Problem statement
Here, set down only the lines between the line that contains "The Leo String" and the final line of the material, both included, exactly as written. Skip the pictures.

Exercise data

=== Section Start ===

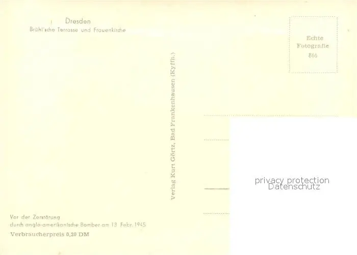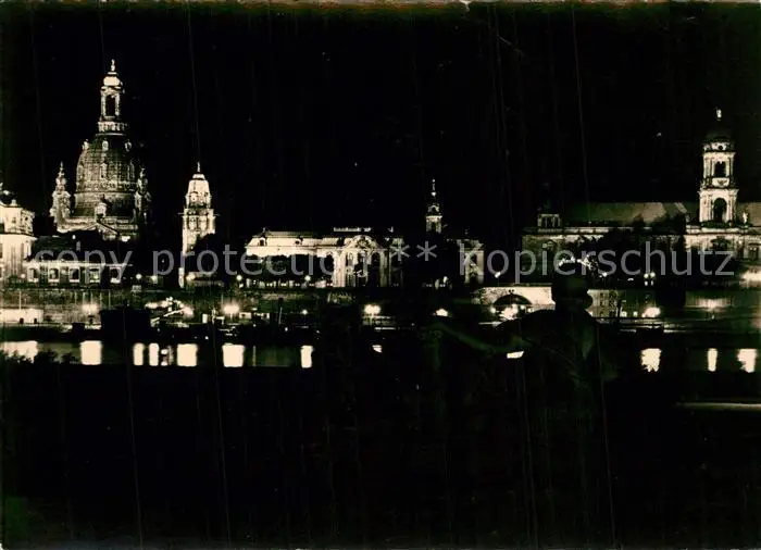 Dresden Bruehl'sche Terrasse und Frauenkirche Nachtaufnahme vor Zerstoerung 1945 Repro Dresden postalisch nicht gelaufen 1959 Erhaltung siehe scans [FriedD77] Frierer
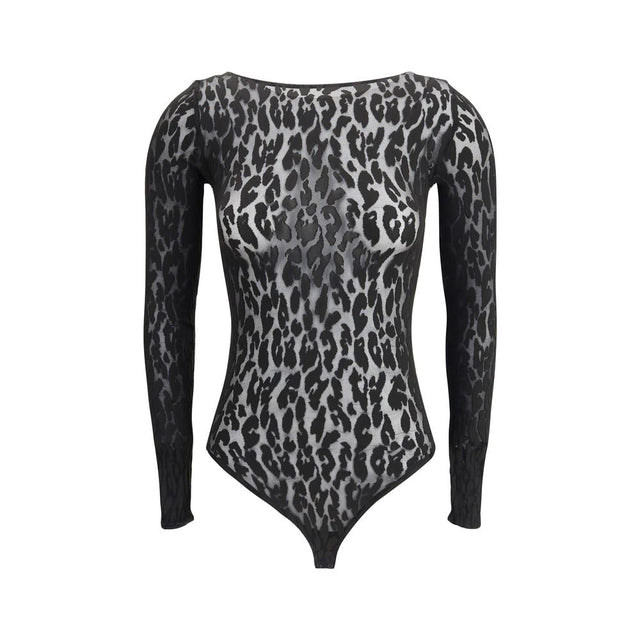 The Leo String Body by Wolford is a bold style statement, playing with the allure of animalier patterns and the refined contrast between sheer and opaque textures. Crafted with innovative circular knitting, typical of tights, and sustainable dyeing processes, it offers a velvety and sophisticated finish. The slim fit sculpts the silhouette, while the subtle round neckline and practical snap-button closure complete the design. A piece that masterfully combines sensuality and comfort.
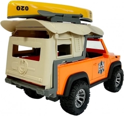 Auf zu imaginären Ausflügen in die Natur mit dem Camping‑Auto JEEP in Orange und dem stylischen gelb‑grauen Kajak. Dank Licht und Sound wirkt die Fahrt realistisch, öffnende Türen und Heckklappe laden zur Erkundung des Innenraums ein, und die Gummireifen kommen mit unterschiedlichsten Untergründen im Kinderzimmer zurecht.
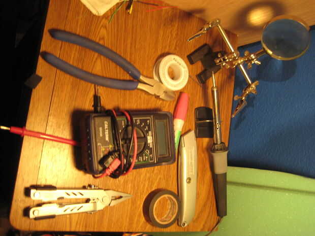 Dremel con varios bits (Sierra para metales y o tijeras se pueden utilizar)

=== Section End ===

Result of this task
 The Leo String Body by Wolford is a bold style statement, playing with the allure of animalier patterns and the refined contrast between sheer and opaque textures. Crafted with innovative circular knitting, typical of tights, and sustainable dyeing processes, it offers a velvety and sophisticated finish. The slim fit sculpts the silhouette, while the subtle round neckline and practical snap-button closure complete the design. A piece that masterfully combines sensuality and comfort.
 Auf zu imaginären Ausflügen in die Natur mit dem Camping‑Auto JEEP in Orange und dem stylischen gelb‑grauen Kajak. Dank Licht und Sound wirkt die Fahrt realistisch, öffnende Türen und Heckklappe laden zur Erkundung des Innenraums ein, und die Gummireifen kommen mit unterschiedlichsten Untergründen im Kinderzimmer zurecht.
 Dremel con varios bits (Sierra para metales y o tijeras se pueden utilizar)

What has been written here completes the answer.